I frowned. “What? Plane? What do you mean?”

“My next oldest brother, Brock is a pilot, and has his own seaplane. He took Ink up north.” He shrugged. “I mean, you’re not planning to drive to Talkeetna, are you? I hear it’s, like, a forty-some hour drive.”

I laughed. “Well, since I don’t even have a driver’s license, no.”

He furrowed his brow. “You don’t know how to drive?”

I shook my head. “After I graduated high school I moved to New York to study dance, and then ended up in Paris. Just never got a license. Never needed one.”

“So Brock can fly you up there when you’re ready.”

I moved around to hug him. “Thank you, Bax, for everything. You’ve just changed my life.”

He hugged me tight and then gave me a playful shove. “Thank you. We’re gonna make bank on this, you know. I’ve had people asking about classes of different kinds for years.”

I waved to both of them as I headed for the door. “I’ll see you…whenever I get back. No clue when that will be.”
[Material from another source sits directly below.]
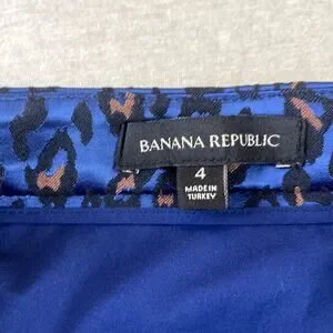 This stylish Banana Republic skirt features a striking blue and black leopard print.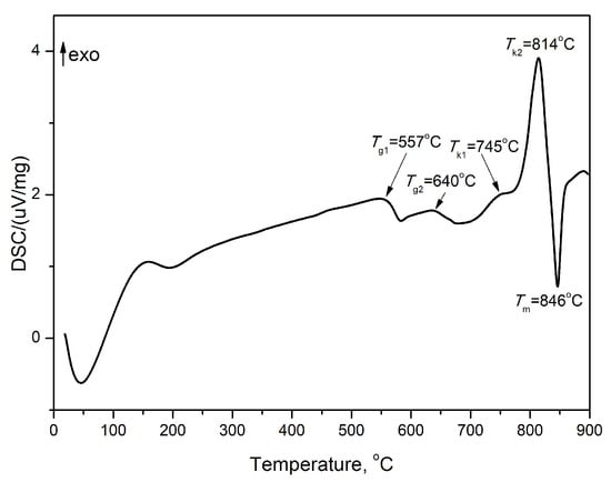 The DSC curve of the glass G-0 h is shown in Figure 1. It is seen that the DSC curve consists of two endothermic effects corresponding to the two glass transition temperatures (Tg1 and Tg2). This means that the synthesized glass consists of two amorphous phases due to the liquid phase separation. It is known that a large region of immiscibility exists in the binary system ZnO-B2O3 [6]. The maximum at the first endothermic effect (Tg1) is called hysteresis peak, formed due to enthalpy relaxation. The next two exothermic peaks are due to the crystallization of the glass (Tkn, where n = 1 and 2). The last endothermic effect corresponds to the melting temperature (Tm). The obtained glass is characterized by a high glass transition temperature. The first Tg1 value is 557 °C while the second Tg2 value is 640 °C. The crystallization temperatures are as follows: 745 and 814 °C. The melting temperature is 846 °C. On the other hand, the thermal stability of the glass, i.e., ΔT = Tk1 − Tg2, is 105 °C.

“Getcha some, girl!” Bax shouted.

Whack. “Baxter Badd. Don’t be crude.”

“Have you met me?” I heard Baxter reply.

“Intimately, yes.”

I just laughed as I stepped out onto the sidewalk. It had been a gloomy, overcast day with low, heavy clouds hanging over the water. And there had been a light drizzle on and off all day. But when I emerged and started jogging, as if to validate my decisions, the sun peeked out from behind a break in the clouds and bathed me in a bright ray of warm sun which stayed with me all the way back to Mom’s condo.

 

 

Ink

 

 

Brock had flown me right into Talkeetna, situated up north with Mt. McKinley white-capped in the distance, and wild Alaska just steps beyond the town. After I’d said goodbye to Brock, I spent a couple of hours collecting more supplies—mostly perishable food items. And I did what I usually do in such situations: I fell back on my childhood and the week-long hunting trips with Dad, or one of my uncles, or cousins.

I cut some long poles out of fallen branches, and used some of the hemp twine I always carried to fasten smaller branches into a basket between the poles, which I’d crossed into an X at one end. This done, I had a crude but effective travois, a kind of sled which I piled with my gear and supplies. Then I plaited more twine into a long, thick strap and tied the ends together where the poles crossed. I hooked the strap around my shoulders, leaned into it, and started for my cabin.

It took a couple of hours of hard trekking through the forest, sometimes following trails, other times heading off-trail when I knew of a shortcut. It was dusk by the time I reached my cabin.

The cabin was…well, I’d used the word “remote” with Liv. But that really didn’t cover it. Unless you had been there with a guide, were well versed in off-trail forest navigation, could hike for several hours on end, and knew how to get there with your eyes closed, you’d never find it. Not in a million years. You could walk right past it and not see it unless you knew what to look for. It had been built at the edge of a little pond, small enough that you could skip a rock across it. There were lots of big, moss-covered boulders ringing the pond, and stumps of old pines stood, like the broken teeth of dead giants, in the water at the far side. All around was forest, deep, heavy, dark, chaotically thick. The pond had no name, unless one of the local tribes had named it, but I’d never heard about that.

The cabin was sort of a family heirloom—the history of it was murky, though. I knew it had been built several generations back on my father’s side—a great-great-grandfather, or uncle. Something like that. The point is, it had been built a long ass time ago.